To choose whether to use NOT EXISTS or NOT IN in a query, therefore, you must first consider how you want null values to be handled. If you need the presence of a null value in the subquery to cause the expression to always evaluate to false, then you need to use the NOT IN construct. Otherwise you have a choice between NOT EXISTS and NOT IN (with the extra WHERE predicate if the subquery would otherwise be capable of returning a null value).

If you don’t need the special null value semantics of NOT IN, then your choice of whether to use NOT EXISTS or NOT IN hinges on what sort of access path you think will be best for the query. In a conventional join, the nested loops algorithm is desirable when the predicates on the first table are very selective and the join columns in the second table are selectively indexed. The merge and hash join algorithms, meanwhile, are more desirable when predicates are not very selective or the join columns in the second table are not selectively indexed. A similar rule of thumb applies to anti-joins. That is to say, merge and hash anti-joins are most valuable in situations where the first table has a lot of candidate rows or the join columns are not selectively indexed.

If you think your query is going to be better off with a merge or hash anti-join than a nested loops anti-join or a filter operation, then you might want to code your query with a NOT IN clause instead of a NOT EXISTS clause. Whenever the Oracle documentation discusses anti-join access paths, it always seems to do so in the context of the NOT IN construct with no mention of NOT EXISTS. While sometimes Oracle 9i will choose an anti-join access path for a query with a NOT EXISTS clause, it does seem that Oracle 9i might be more likely to do so if NOT IN is used instead of NOT EXISTS. In Oracle 8i, I believe the query optimizer will never choose an anti-join access path for a query with a NOT EXISTS clause (even if always_anti_join is set and a hint appears in the subquery).
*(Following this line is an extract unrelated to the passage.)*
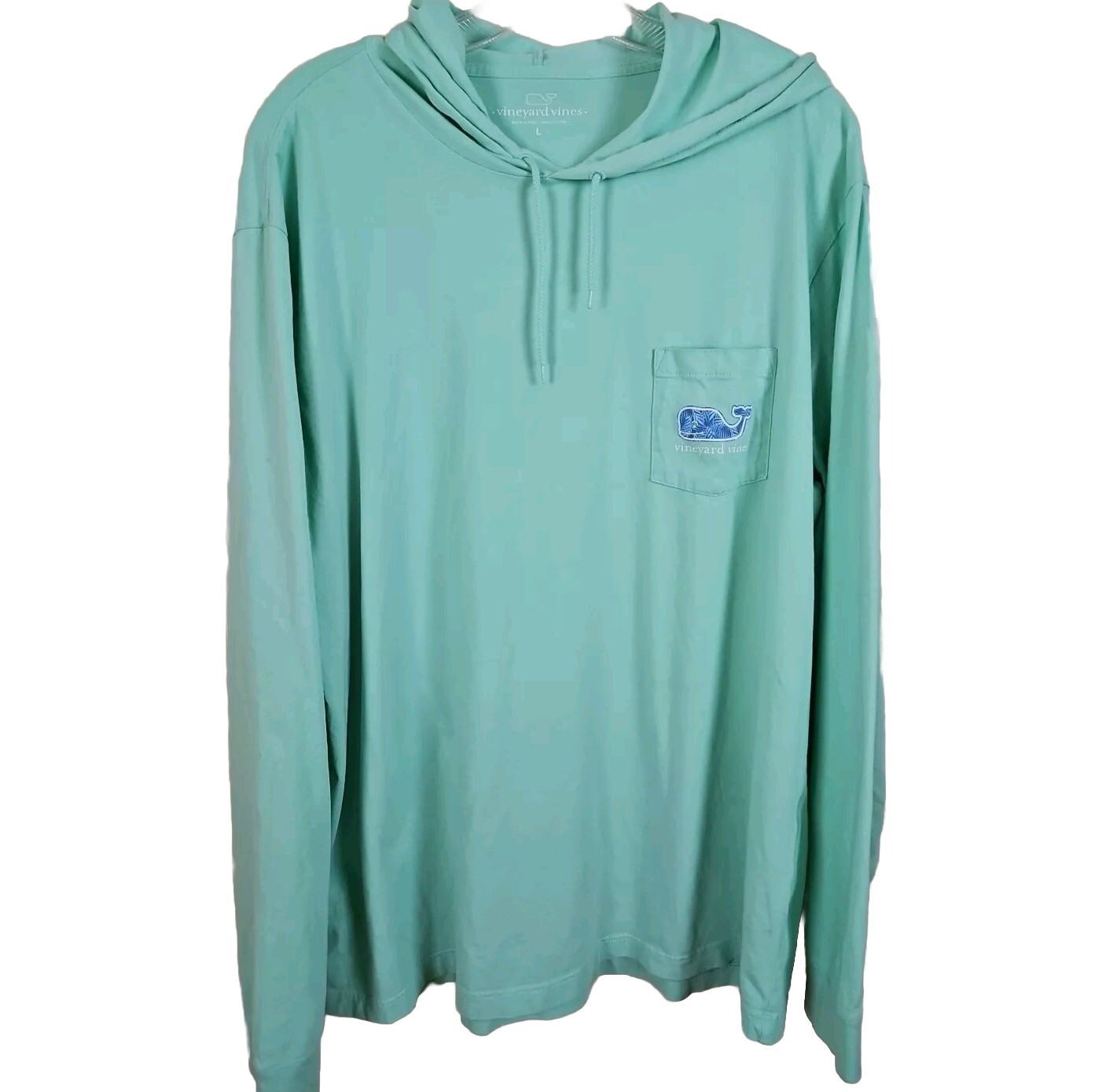 как выглядит Vineyard Vines hooded Mens Large Green Whale Outdoor Pocket T Hoodie Lightweight фото

Meanwhile, if you don’t think your query will benefit from a merge or hash anti-join, then you might be best off with the good old filter technique instead of the nested loops anti-join access path. It appears that, at least in Oracle 9i, the nested loops anti-join might not be as efficient as it could be. In the example of the query for empty departments that we have been discussing, the filter technique will rule out a department as soon as the first employee in that department is located. The nested loops anti-join, meanwhile, appears to locate all employees in the department before ruling it out. This is unnecessary work. Whether a department has one employee or 100, it does not qualify as an empty department. So Oracle should cut to the chase and move on to the next department as soon as the first employee is found. The filter technique does just that, but the nested loops anti-join (at least in the cases I have seen) does not. The second example in this section will demonstrate this.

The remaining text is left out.